§ **What the task asks**
Lower down are entries containing pictures. Copy exactly, without those pictures, the lines from the line with "Hulk Thor Captain" through the line with "Das kräftige Marineblau".

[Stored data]
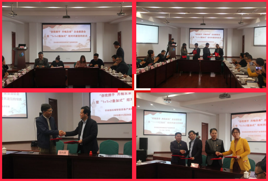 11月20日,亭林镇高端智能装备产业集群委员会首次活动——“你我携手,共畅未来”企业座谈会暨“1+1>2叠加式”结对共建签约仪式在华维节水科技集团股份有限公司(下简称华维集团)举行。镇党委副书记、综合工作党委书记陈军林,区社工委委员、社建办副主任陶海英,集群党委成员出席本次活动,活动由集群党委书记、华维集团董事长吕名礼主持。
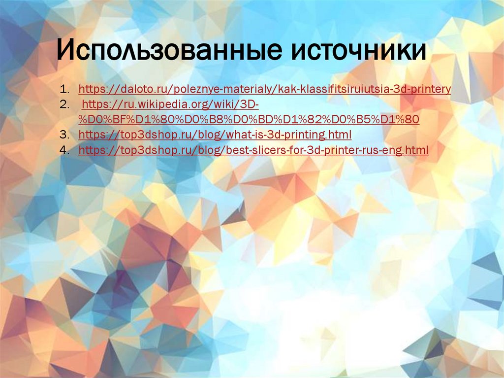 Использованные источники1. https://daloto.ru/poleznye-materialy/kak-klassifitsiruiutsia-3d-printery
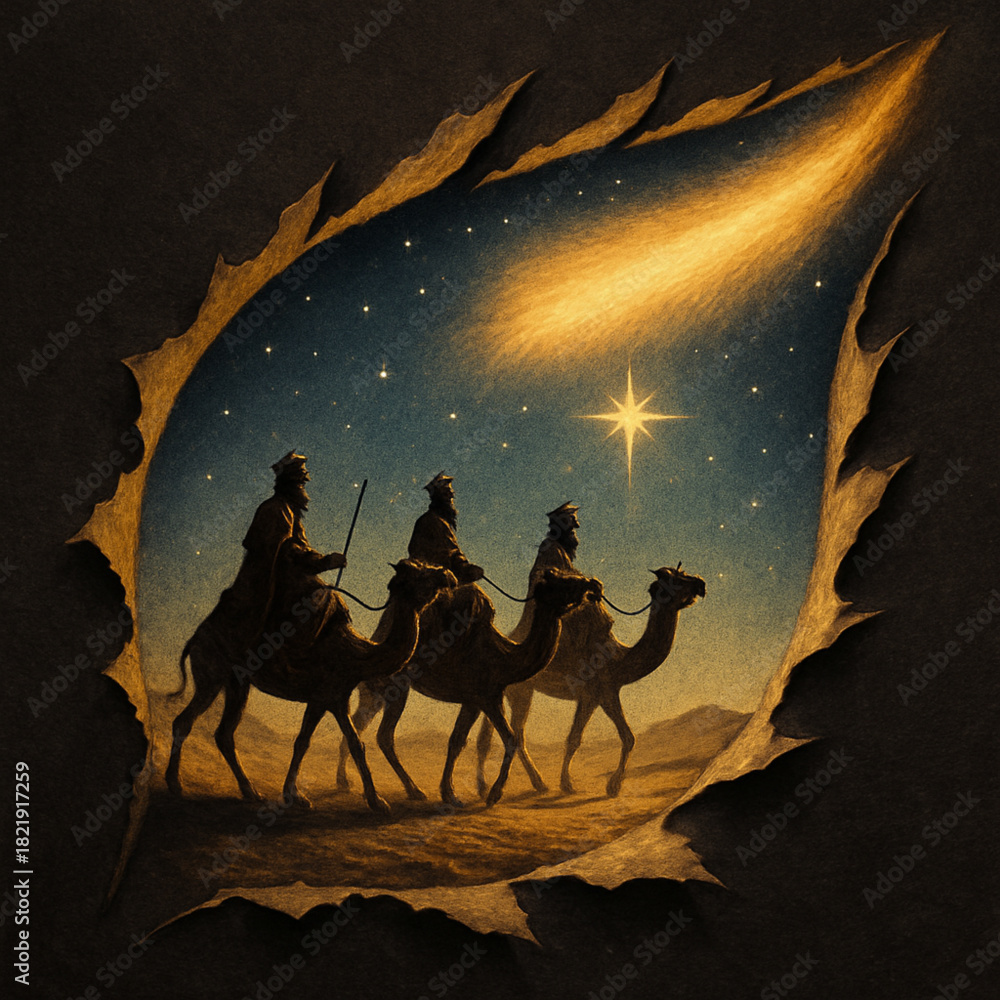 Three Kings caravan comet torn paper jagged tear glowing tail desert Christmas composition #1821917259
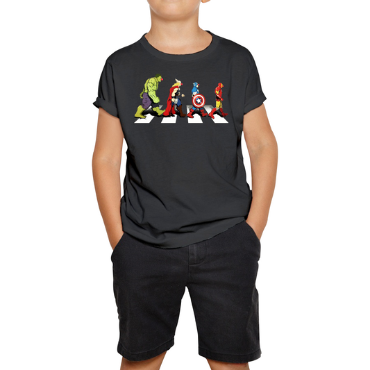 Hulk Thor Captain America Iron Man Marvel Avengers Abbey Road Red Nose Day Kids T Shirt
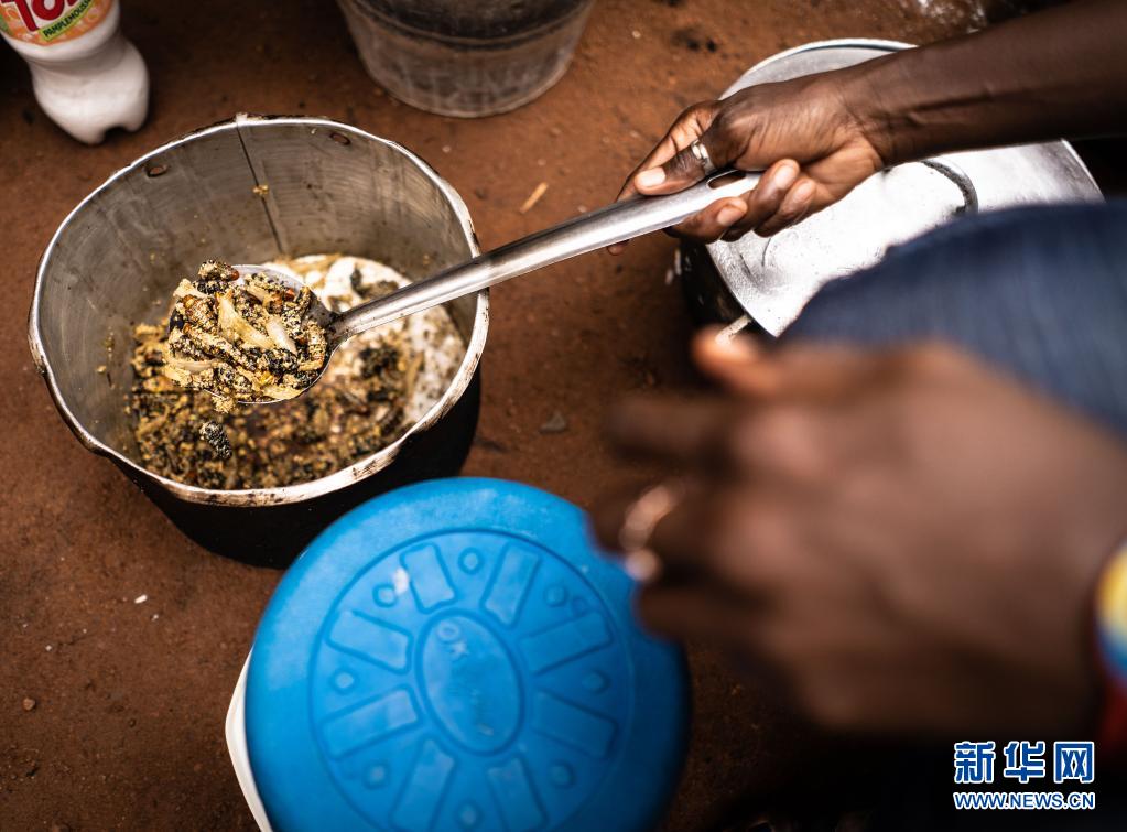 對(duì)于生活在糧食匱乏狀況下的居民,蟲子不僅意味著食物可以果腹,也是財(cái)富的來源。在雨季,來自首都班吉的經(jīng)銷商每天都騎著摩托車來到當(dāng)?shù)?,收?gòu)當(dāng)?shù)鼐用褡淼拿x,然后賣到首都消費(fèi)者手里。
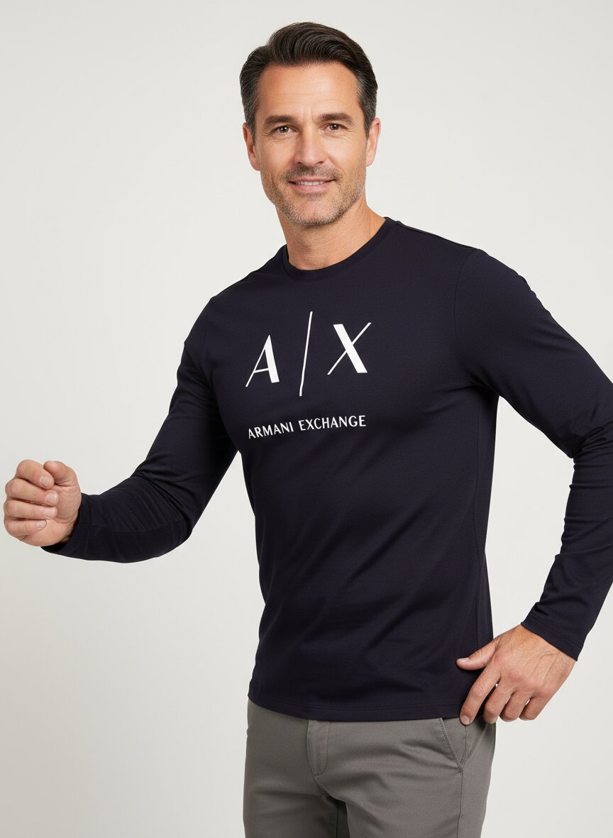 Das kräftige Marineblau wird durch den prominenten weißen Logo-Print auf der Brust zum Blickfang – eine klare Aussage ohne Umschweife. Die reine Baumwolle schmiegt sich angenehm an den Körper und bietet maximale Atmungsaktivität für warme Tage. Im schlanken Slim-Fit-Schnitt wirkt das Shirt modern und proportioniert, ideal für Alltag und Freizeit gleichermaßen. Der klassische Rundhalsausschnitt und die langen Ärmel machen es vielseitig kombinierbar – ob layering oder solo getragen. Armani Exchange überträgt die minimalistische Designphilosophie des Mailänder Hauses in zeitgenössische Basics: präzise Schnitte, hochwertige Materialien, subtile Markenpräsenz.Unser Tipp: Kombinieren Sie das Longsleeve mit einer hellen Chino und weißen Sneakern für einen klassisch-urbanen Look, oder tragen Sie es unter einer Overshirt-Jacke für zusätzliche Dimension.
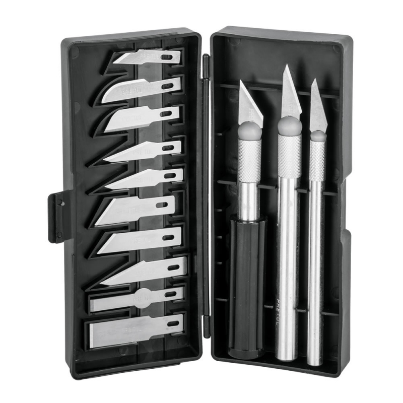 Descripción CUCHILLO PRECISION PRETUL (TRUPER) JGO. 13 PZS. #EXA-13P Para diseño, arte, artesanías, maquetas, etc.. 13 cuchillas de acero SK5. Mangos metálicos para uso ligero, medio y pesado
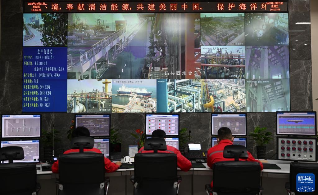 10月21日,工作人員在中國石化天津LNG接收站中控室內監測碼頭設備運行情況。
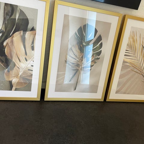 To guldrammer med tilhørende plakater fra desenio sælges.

§ **Answer area**
 Hulk Thor Captain America Iron Man Marvel Avengers Abbey Road Red Nose Day Kids T Shirt
 對(duì)于生活在糧食匱乏狀況下的居民,蟲子不僅意味著食物可以果腹,也是財(cái)富的來源。在雨季,來自首都班吉的經(jīng)銷商每天都騎著摩托車來到當(dāng)?shù)?,收?gòu)當(dāng)?shù)鼐用褡淼拿x,然后賣到首都消費(fèi)者手里。
 Das kräftige Marineblau wird durch den prominenten weißen Logo-Print auf der Brust zum Blickfang – eine klare Aussage ohne Umschweife. Die reine Baumwolle schmiegt sich angenehm an den Körper und bietet maximale Atmungsaktivität für warme Tage. Im schlanken Slim-Fit-Schnitt wirkt das Shirt modern und proportioniert, ideal für Alltag und Freizeit gleichermaßen. Der klassische Rundhalsausschnitt und die langen Ärmel machen es vielseitig kombinierbar – ob layering oder solo getragen. Armani Exchange überträgt die minimalistische Designphilosophie des Mailänder Hauses in zeitgenössische Basics: präzise Schnitte, hochwertige Materialien, subtile Markenpräsenz.Unser Tipp: Kombinieren Sie das Longsleeve mit einer hellen Chino und weißen Sneakern für einen klassisch-urbanen Look, oder tragen Sie es unter einer Overshirt-Jacke für zusätzliche Dimension.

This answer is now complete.